Weiter ging es mit Eigenkompositionen – „A soothing thrill“ stammte vom Bassisten Francois Moutin – ein äußerst ungewöhnlicher Musiker, der als Kind Gitarre und Klavier spielte, bevor er den Bass für sich entdeckte. Zudem studierte er Mathematik und Physik und promovierte in Physik. Doch dann entschied er sich für die Musik. Zum Glück. Er ist ein extrem leidenschaftlicher Musiker, der seinen Bass spielt, als habe er einen Flügel zwischen den Händen. Unglaublich virtuos und zugleich extrem feinfühlig scheint er die Seele des Instruments von innen nach außen zu kehren. Seine Ballade „A soothing thrill“ erzählt eine Geschichte mit einem bittersüßen Beginn voller Melancholie, die Trompete und das Saxophon scheinen zu träumen, die Schlagzeugbesen streichen zärtlich über die Metallbecken und der Bass spricht aus tiefster Seele.

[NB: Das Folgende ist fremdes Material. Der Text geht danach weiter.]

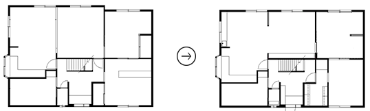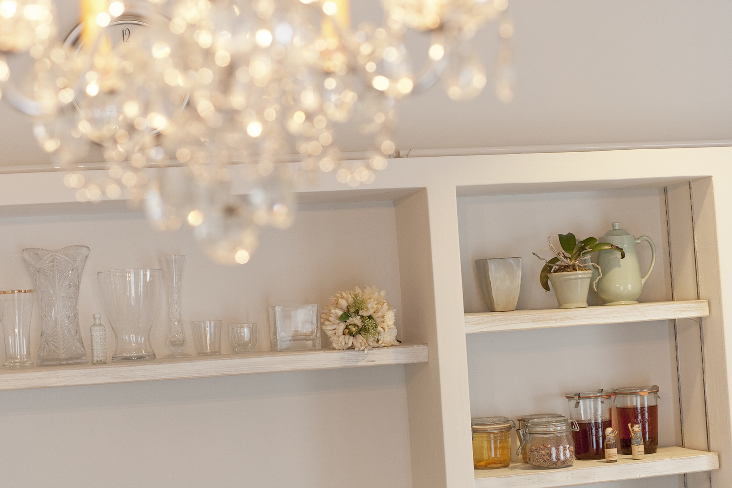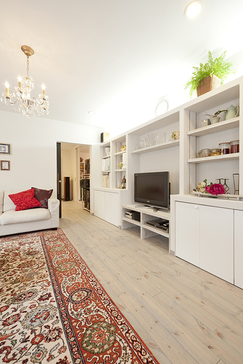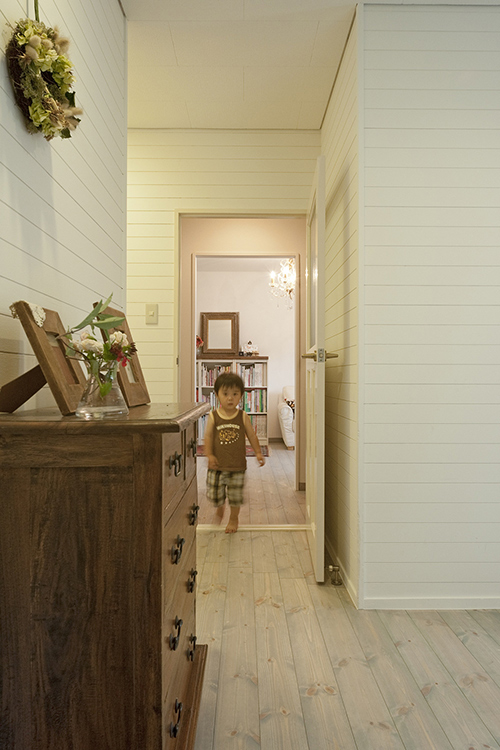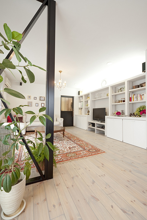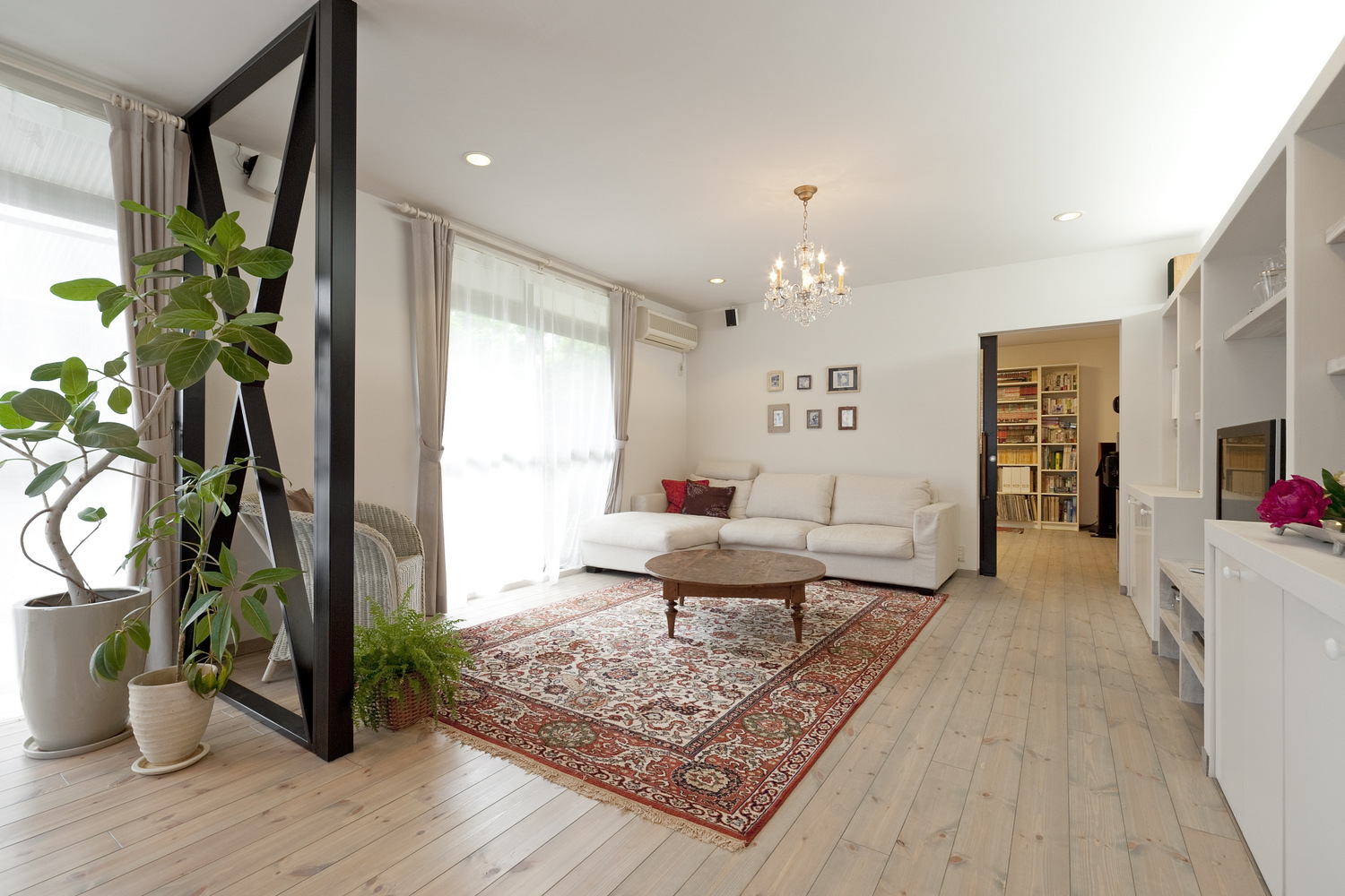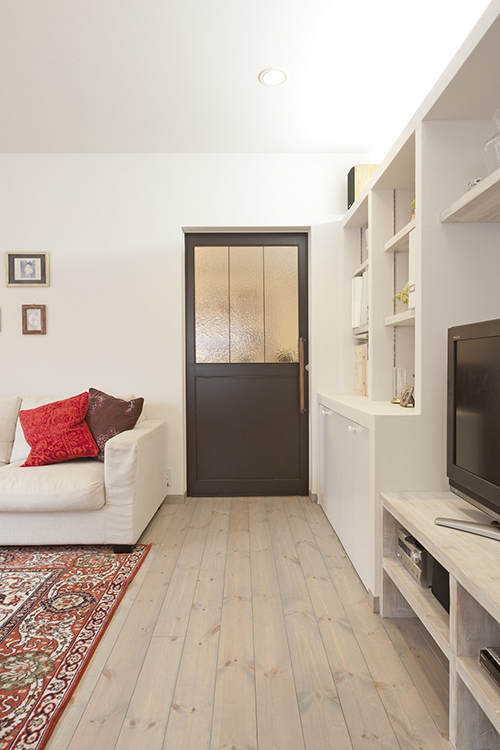 無駄な動線を省くために2つのリビングドアの片方を塞ぎ、ぐるりとまわれる動線を提案。壁は珪藻土、床のパイン材はシックなグレー色に。『アンティークが似合うフレンチスタイル』の完成です。「LDKに本棚を」との要望にも古材風棚板自らプランナーが作りスタイルを追求しました。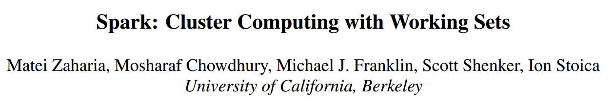 分享一篇论文:Zaharia M, Chowdhury M, Franklin M J, et al. Spark: cluster computing with working sets[J]. HotCloud, 2010, 10: 10-10.论文下载链接:http://pan.baidu.com/s/1bo7EnQR这篇论文提出了大名鼎鼎的Spark,一种分布式计算平台。虽然年代久远,但是...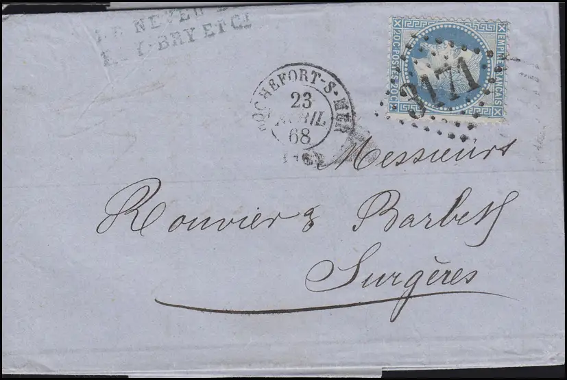 Rückseitig mit schwachen Ankunftsstempel in Surgeres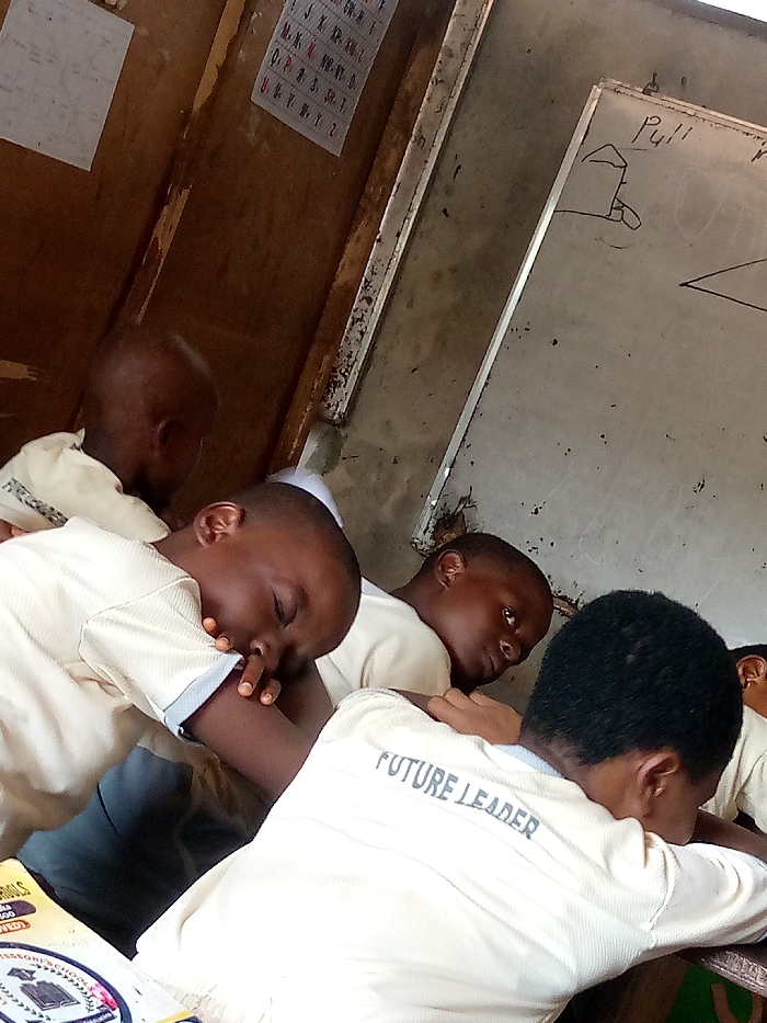 The image depicts an interior classroom scene in Ukwu-Abwa, Nigeria, featuring five young male students. All students are wearing light-colored, short-sleeved uniform shirts; one shirt visibly displays "FUTURE LEADER" in dark text across the back. In the foreground, a student with short hair is asleep, resting his head on his folded arms on a wooden desk, with his right hand near his mouth. Behind him, another student is also resting his head on his arms, looking towards the right side of the frame. A third student in the mid-ground on the right is similarly resting his head on his arms. Two additional students are partially visible in the background; one faces away from the camera, and the other is barely discernible on the far right. The classroom environment includes a white board on the right side of the frame, marked with the word "Pull," a simple drawing of a hand pulling an object, and a geometric triangle shape. The white board shows scattered black marks. To the left, a wooden wall features two pieces of paper affixed: a larger chart with an alphabet and number sequence (e.g., J-Z, 1-2) and a smaller blank white paper above it. Both the wooden wall and the adjacent wall or partition on the right exhibit signs of wear and age. On the desk in the immediate foreground, a colorful sheet, possibly a book cover, is visible, displaying text and an emblem that includes "MONTESSORI SCHOOL." Natural light illuminates the scene.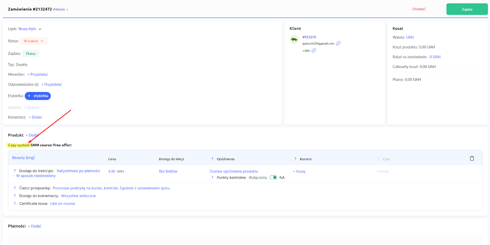 Uwaga: po wprowadzeniu zmian w zamówieniu, które zostało automatycznie utworzone po opłaceniu oferty, dla klienta tworzony jest indywidualny dostęp – to znaczy, że jego dostęp nie jest już powiązany z ofertą. Oznacza to, że dalsze zmiany w ofercie nie będą miały wpływu na dostęp tego ucznia.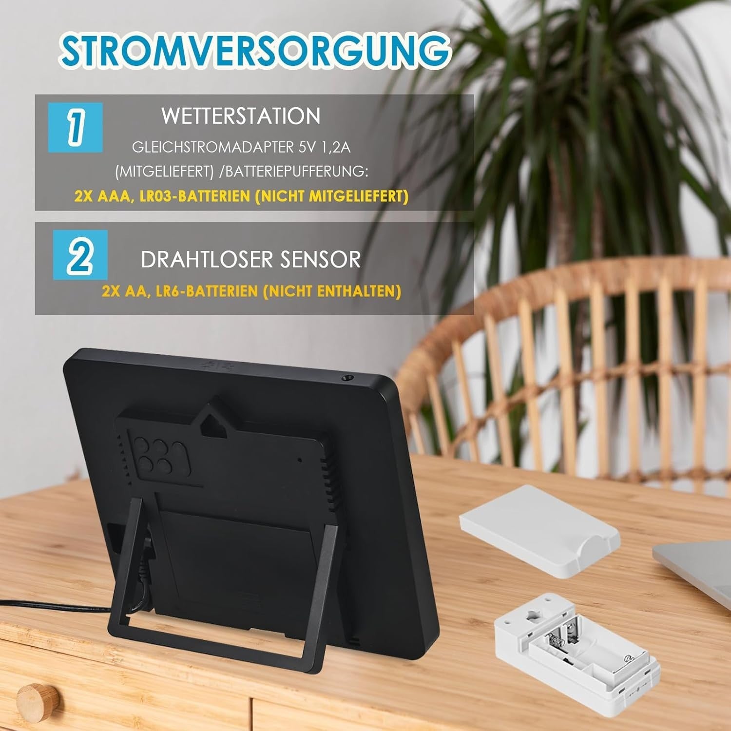 - [2 Stromversorgungsmodi] Die Wetteruhr kann auf zwei Arten mit Strom versorgt werden. Im Adaptermodus kann die Helligkeit des Bildschirms in 4 Stufen angepasst werden, oder Sie können den automatischen Dimmmodus aktivieren. Im Akkubetrieb leuchtet der Bildschirm auf, wenn Sie die Oberseite berühren, und schaltet sich nach 15 Sekunden automatisch aus, um Strom zu sparen. (Batterien nicht enthalten)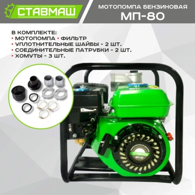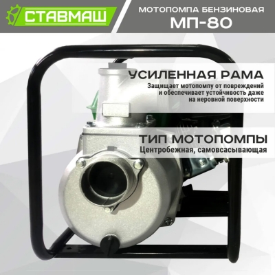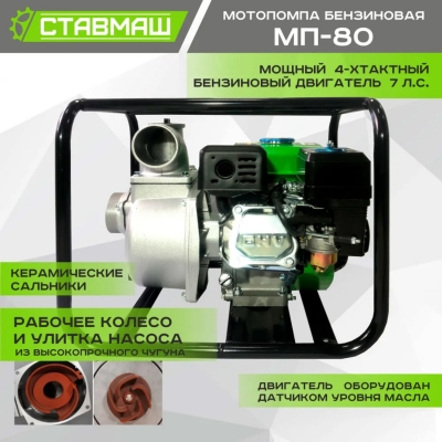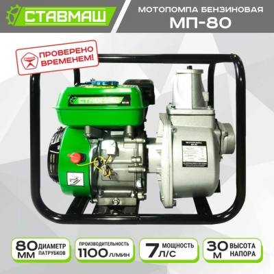 Ставмаш МП-80 - мотопомпа с четырехтактным двигателем, производительностью 1100 л/мин, глубиной всасывания 10 м и высотой подачи 35 м.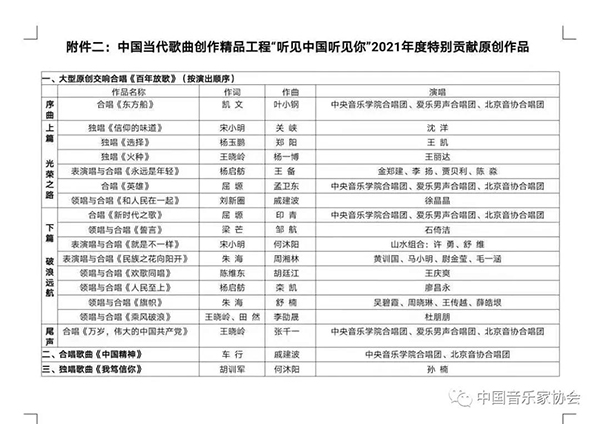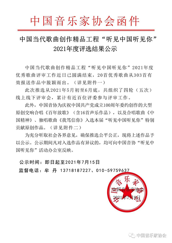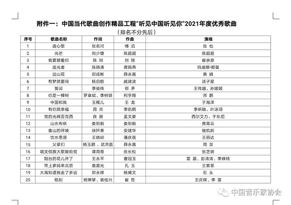 中国当代歌曲创作精品工程“听见中国听见你” 2021年度评选结果公示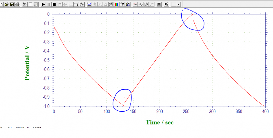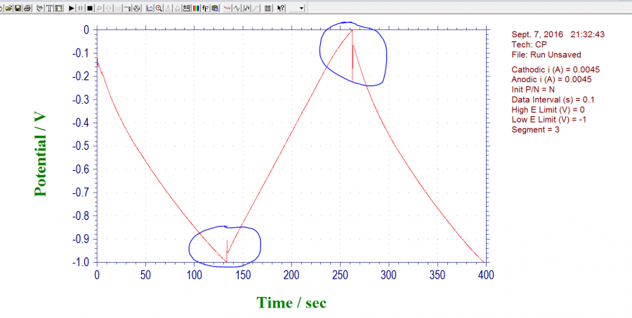 如图所示,在恒电流充放电时,在最高处出现了断点或者突降,请问这是什么原因,另外怎么样设置参数才能使其充放电的电压都为正数呢 2222.PNG 22222.PNG 111111.PNG@a88592718@Gamry-电化学@louderbe@langzhizhou |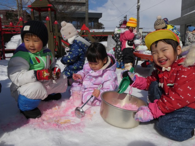 園庭にはすみれさんが出てきました。お玉や泡立て器を手に、お料理をしているようでした。コップに雪を入れて、ピンク色の色水をかけたら、おいしそうなパフェみたいでしたよ。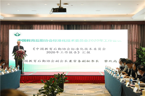 会上,副会长兼常务副秘书长黎玖高代表标委会作《中国教育后勤协会标准化技术委员会2020年工作报告》。报告指出,标委会成立以来,按照国家对团体标准管理的要求,以规范运作为原则,不断加强组织制度建设;以提升质量为核心、研究制定团体标准,目前协会已经出台了T/JYHQ 0001-2016《校园快递服务站建设与服务规范》、T/JYHQ 0002-2019《高等学校引入社会餐饮企业承办学生食堂管理规范》、T/JYHQ 0003-2019《高等学校学生公寓管理服务规范》、T/JYHQ 0006-2020《高等学校后勤组织文化建设评价标准》、按照国家标准化委员会鼓励协会之间合作制定发布标准的政策导向,标委会以整合资源为手段,促进联合出台标准,与中国水利学会联合颁布了《节水型高校评价标准》和《高校合同节水项目实施导则》两项团体标准。目前,正在与中国物业管理协会合作开展《高等学校物业服务规范》团体标准的研制工作。以标准落地为目标,积极开展宣传培训活动。

Nach diesem lyrischen Abenteuer stand eine Komposition von Drummer Florian Arbenz auf dem Programm. „Catch me if you can“, nannte er sein Stück und es war auch eine richtige Hatz. Ein dynamisches Werk, bei der die Trompete über weite Strecken schillernd im Einsatz war, die drums rasend schnell unterwegs blieben, das Saxophon zu folgen versuchte und der Bass einfach dranblieb bis zum furiosen Endspurt. Und als dann alles zu Ende war, sauste Florian Arbenz noch einmal mit seinem Schlagzeug los und präsentierte ein solistisches Feuerwerk.
 

Musiker und Komponisten

Der zweite Teil des Abends begann mit der Stück „Closer“ von Jorge Vistel. Und wieder startete Florian Arbenz mit dem Gespräch, die anderen folgten ihm, das Saxophon brachte einige besinnliche Töne mit hinein, doch grundsätzlich war dieses Werk voller sprudelnder Lebensfreude, es jammte und groovte sich dahin, dass das Publikum seine wahre Freude daran hatte. Da war es für den „Freedom Jazz Dance“ von Eddie Harris aus dem Jahr 1965 nicht einfach, Schritt zu halten, doch dieses Mal war es Maikel Vistel mit seinem Saxophon, der den Funken weitertrug und dabei sein Instrument zum Lachen und Tanzen brachte. Ein Szenenwechsel führte das Publikum zum lyrischen Pianisten Bill Evans und seinem „Waltz for Debby“ - wiederum ein Klassiker, zu dem beinahe geschunkelt werden durfte – die vier Herren schienen nicht nur für Debby den Regenbogen in allen Farben zu schildern. Den vorläufigen Schlusspunkt setzte eine weitere Komposition aus der Sammlung „Evolution“ von Florian Arbenz. Der Drummer aus Basel hatte zudem die Regie des Konzerts den ganzen Abend fest in der Hand.
Mit diesem Abschlusskonzert setzte die Tangente wieder einmal einen Maßstab für künftige Konzerte: Was zählt, ist die Qualität, die Leidenschaft für die Musik, das „Feeling“ für den „Groove“ und die Bereitschaft, sich dem Jazz bedingungslos hinzugeben. Dazu bietet die Tangente ein exklusives Nähegefühl bezüglich Musik und Künstlern. Ob im Zuschauerraum oder an der kleinen Bar – näher kann man Kunst nicht kommen.